• _Description of the task_: Once you find the line below that has "Zippy and Magic", output it and every line after it exactly, stopping after the line that has "Women-led Community Discussion", with no pictures.

• _Data for review_:
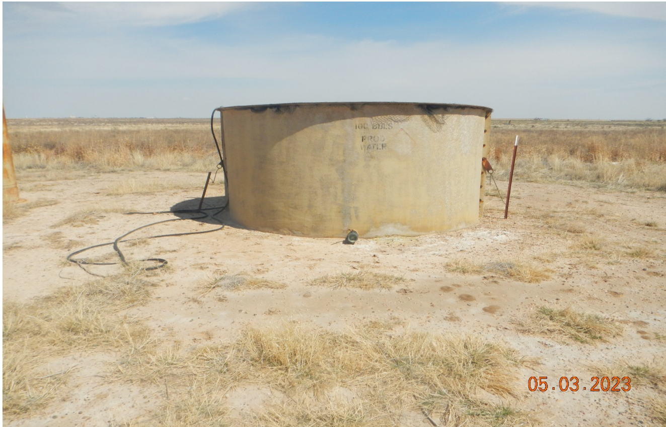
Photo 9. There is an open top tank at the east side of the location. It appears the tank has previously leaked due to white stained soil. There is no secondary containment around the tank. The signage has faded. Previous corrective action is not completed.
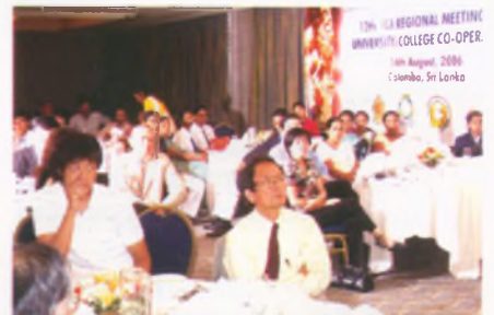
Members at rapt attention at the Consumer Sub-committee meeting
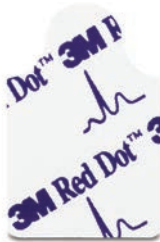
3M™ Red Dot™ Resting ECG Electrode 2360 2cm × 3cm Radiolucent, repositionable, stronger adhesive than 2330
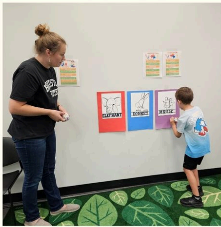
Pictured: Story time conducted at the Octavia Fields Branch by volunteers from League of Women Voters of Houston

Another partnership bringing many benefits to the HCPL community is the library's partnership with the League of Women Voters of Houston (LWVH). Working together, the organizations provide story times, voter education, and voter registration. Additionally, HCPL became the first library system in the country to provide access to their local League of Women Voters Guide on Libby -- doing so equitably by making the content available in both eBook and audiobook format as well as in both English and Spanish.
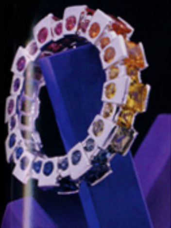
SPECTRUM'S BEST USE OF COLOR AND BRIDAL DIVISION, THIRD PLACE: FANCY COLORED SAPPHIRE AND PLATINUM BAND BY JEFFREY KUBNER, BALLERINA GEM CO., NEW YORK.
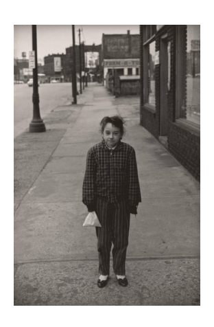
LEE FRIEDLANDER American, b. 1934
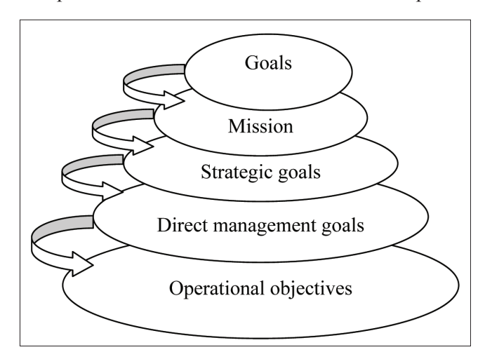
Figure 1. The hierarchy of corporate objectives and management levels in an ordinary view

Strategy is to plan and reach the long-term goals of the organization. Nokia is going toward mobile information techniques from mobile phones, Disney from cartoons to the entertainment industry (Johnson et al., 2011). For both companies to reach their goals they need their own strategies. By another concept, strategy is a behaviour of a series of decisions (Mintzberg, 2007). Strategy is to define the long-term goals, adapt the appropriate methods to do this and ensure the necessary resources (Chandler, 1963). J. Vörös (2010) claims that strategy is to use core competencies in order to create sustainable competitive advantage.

...

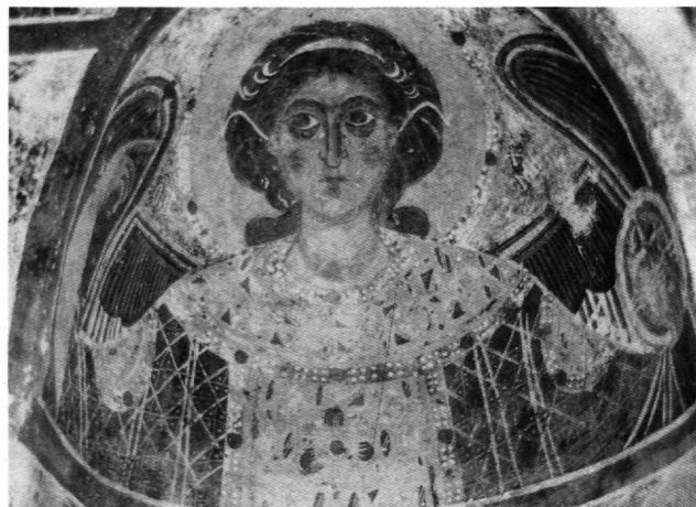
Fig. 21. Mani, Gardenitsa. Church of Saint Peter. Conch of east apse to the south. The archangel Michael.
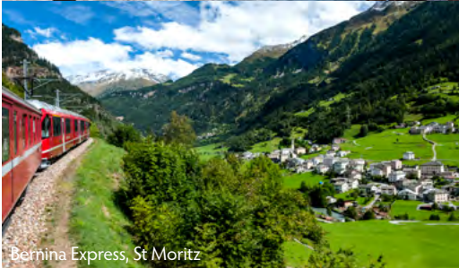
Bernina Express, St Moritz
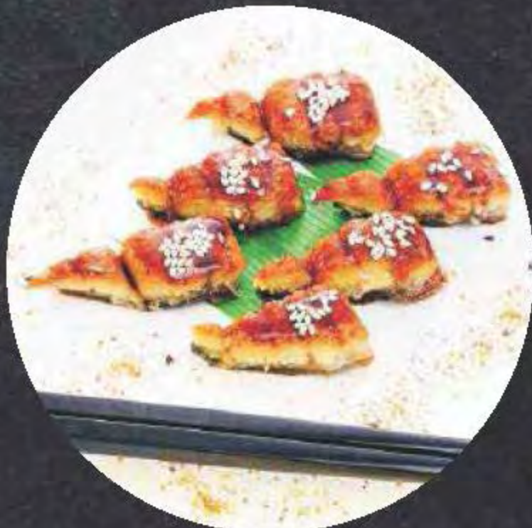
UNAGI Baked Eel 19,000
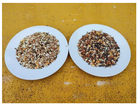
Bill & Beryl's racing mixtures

---

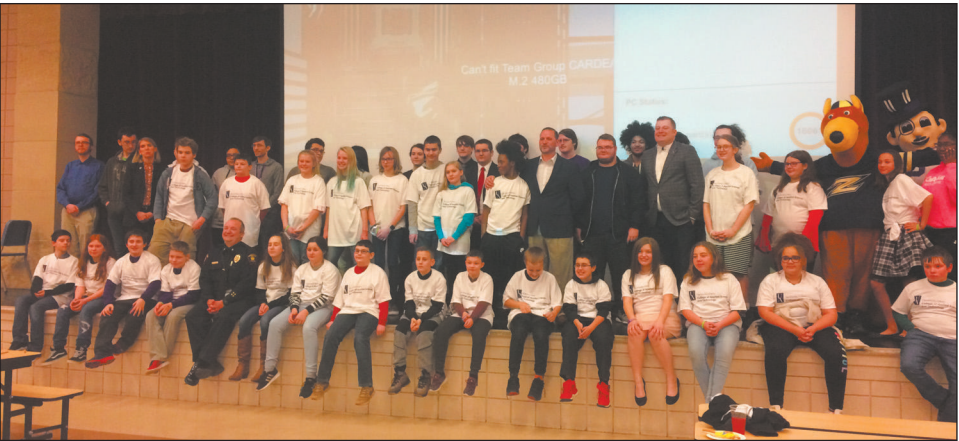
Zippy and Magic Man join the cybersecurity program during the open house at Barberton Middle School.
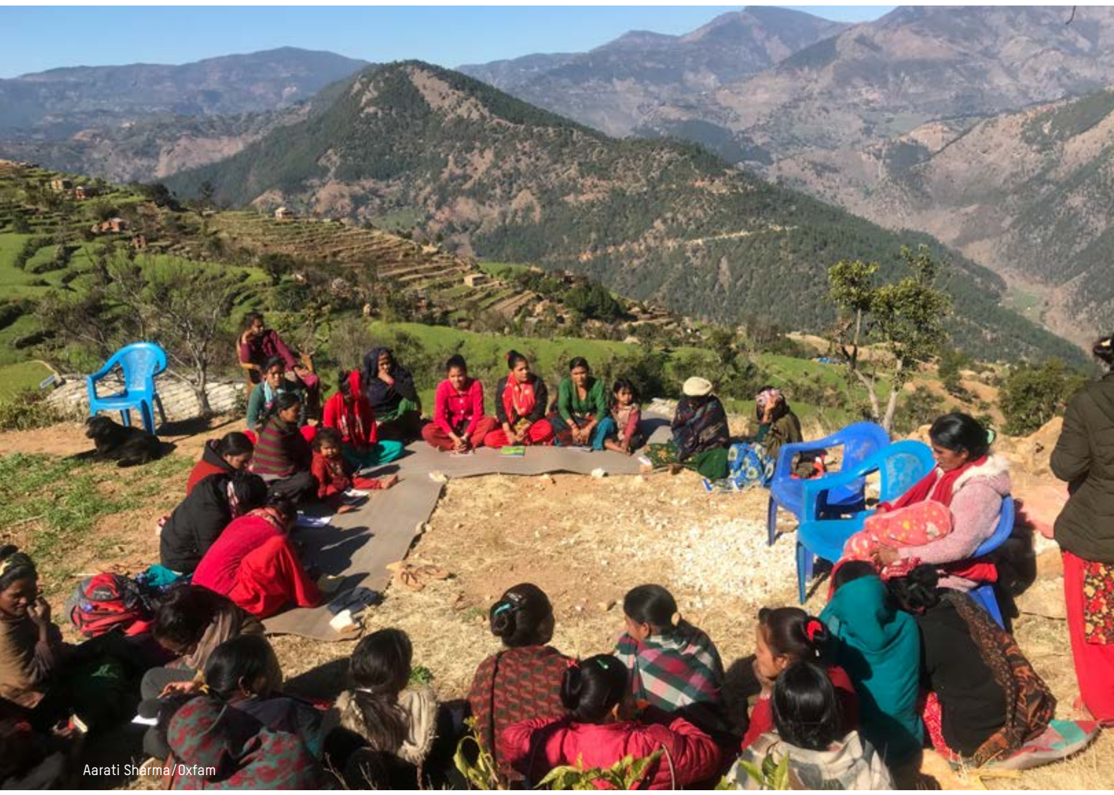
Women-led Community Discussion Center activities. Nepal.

• _Exercise output_:
Zippy and Magic Man join the cybersecurity program during the open house at Barberton Middle School.
Women-led Community Discussion Center activities. Nepal.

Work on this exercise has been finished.